• Information supplied
------------------------------------------------------------------------
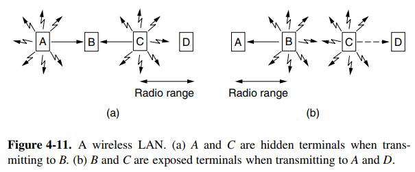 An early and influential protocol that tackles these problems for wireless LANs is MACA (Multiple Access with Collision Avoidance). The basic idea behind it is for the sender to stimulate the receiver into outputting a short frame, so stations nearby can detect this transmission and avoid transmitting for the duration of the upcoming (large) data frame. This technique is used instead of carrier sense. (some earlier weird protocols are here not used in 802.11 hai)
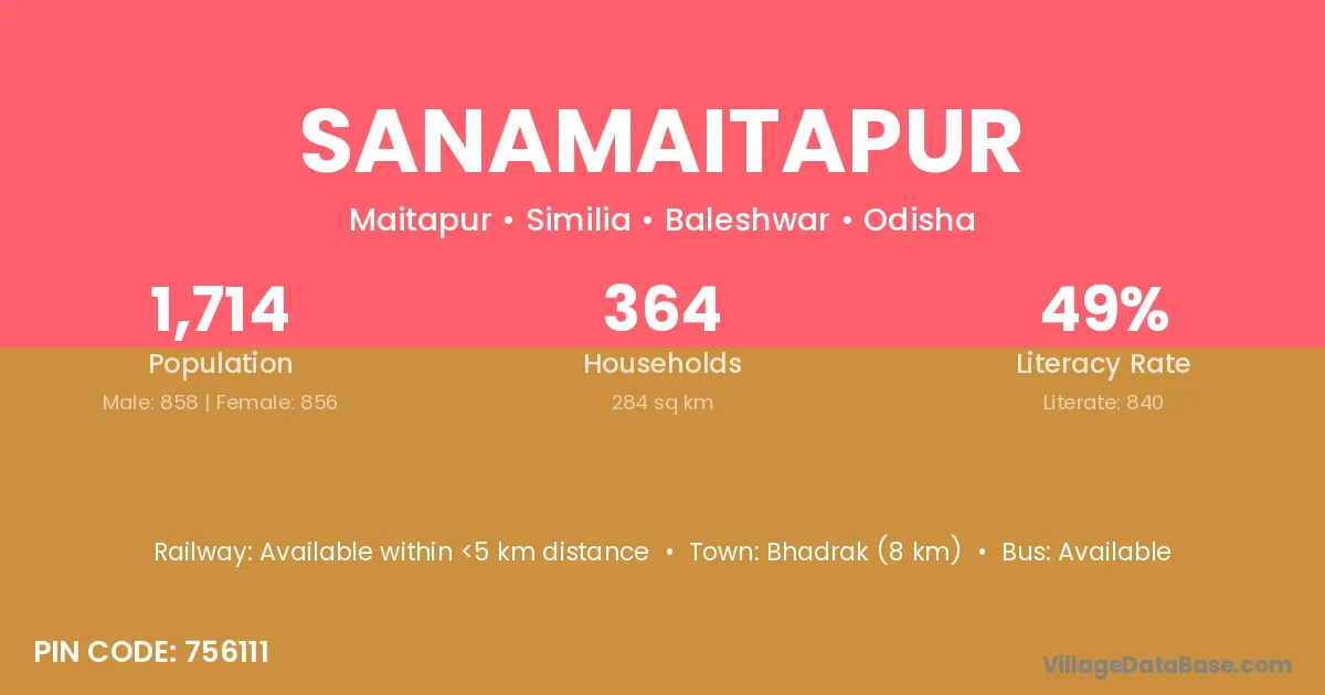 Bhadrak (8 km) is the nearest town to Sanamaitapur village for major economic activities and is located approximately 8 km away.
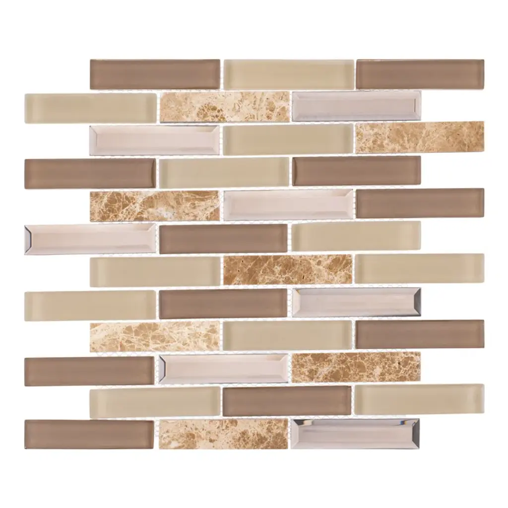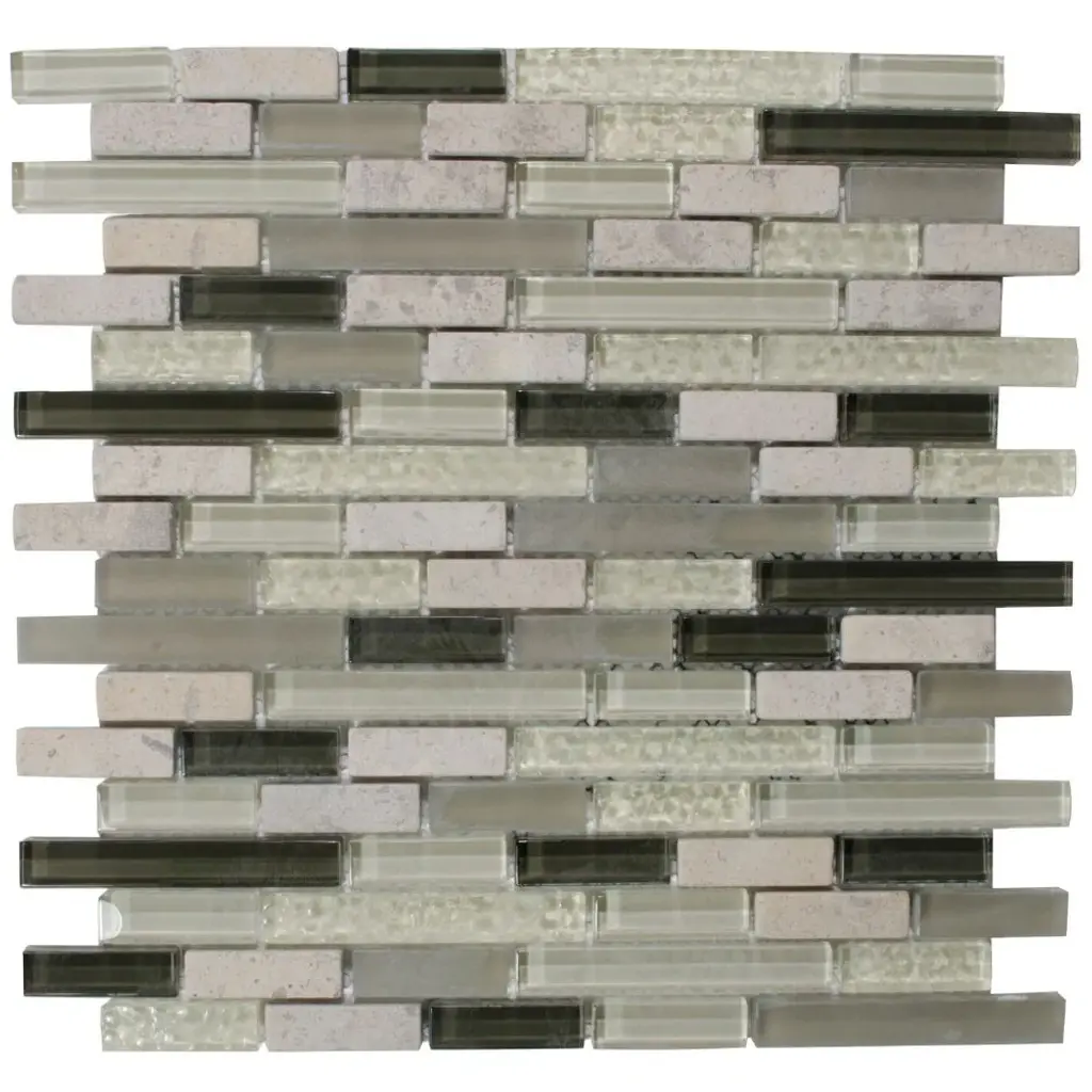 Our Victory Random Sized Glass Mosaic Tile is the perfect backsplash for your new bathroom renovation! Featuring sleek, thin, contrasting glass, this mosaic will be the focal point of the room. FEATURES: DIMENSIONS:
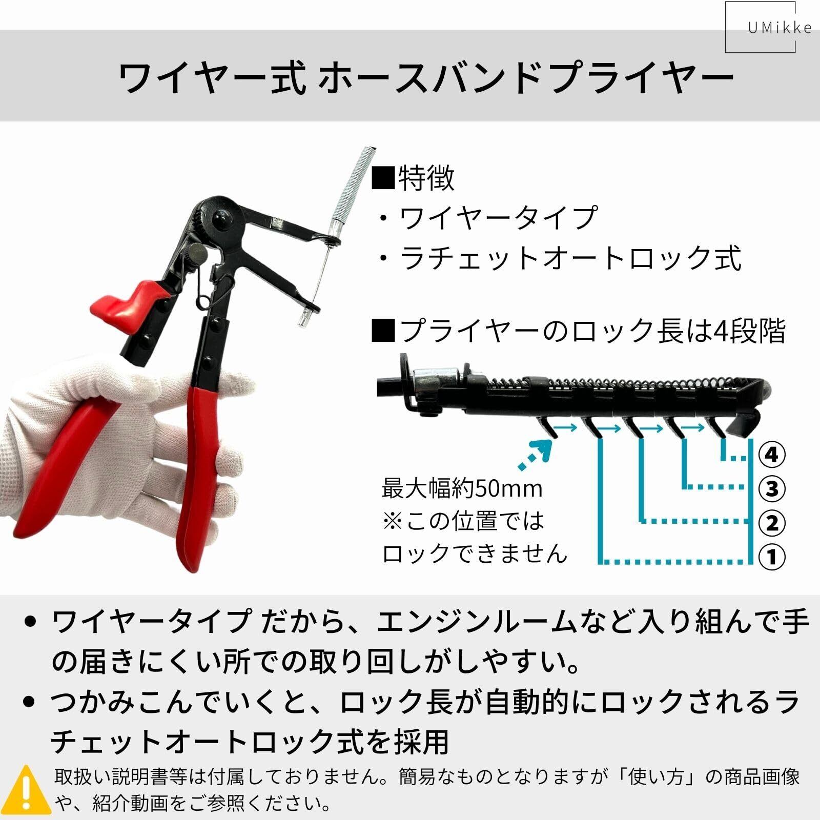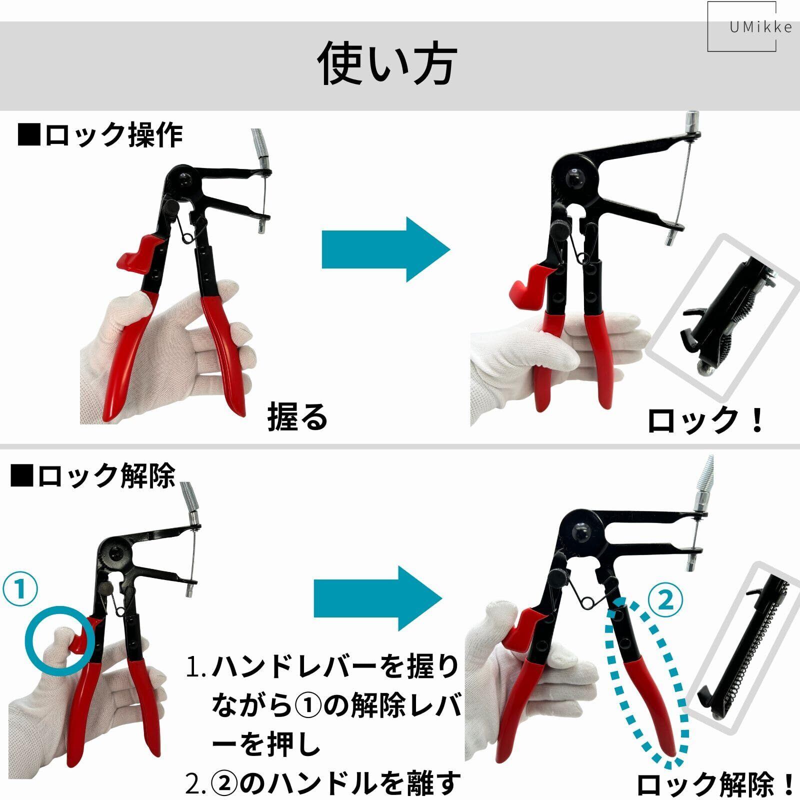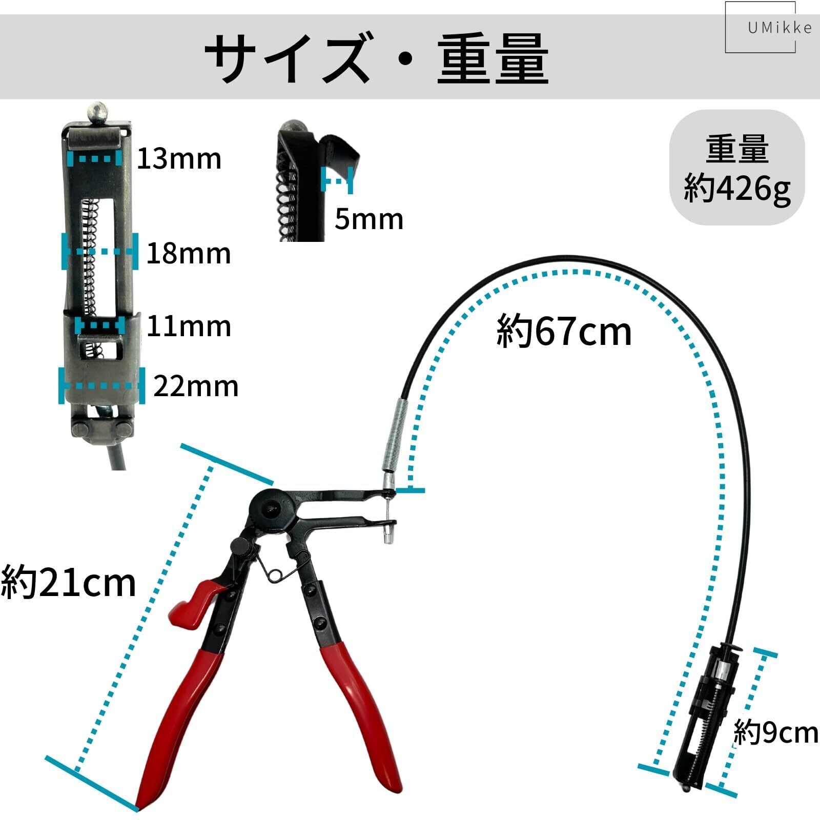 UMikke ホースクランププライヤー ワイヤー式 ホース バンド プライヤー フラット型 ホースリムーバー クランプ 工具 600mm 1個
------------------------------------------------------------------------
• The task
Each line from the first line of the listing through the line with "Bhadrak (8 km)" must be printed exactly, both ends included, and no picture may appear.

• Task output
 An early and influential protocol that tackles these problems for wireless LANs is MACA (Multiple Access with Collision Avoidance). The basic idea behind it is for the sender to stimulate the receiver into outputting a short frame, so stations nearby can detect this transmission and avoid transmitting for the duration of the upcoming (large) data frame. This technique is used instead of carrier sense. (some earlier weird protocols are here not used in 802.11 hai)
 Bhadrak (8 km) is the nearest town to Sanamaitapur village for major economic activities and is located approximately 8 km away.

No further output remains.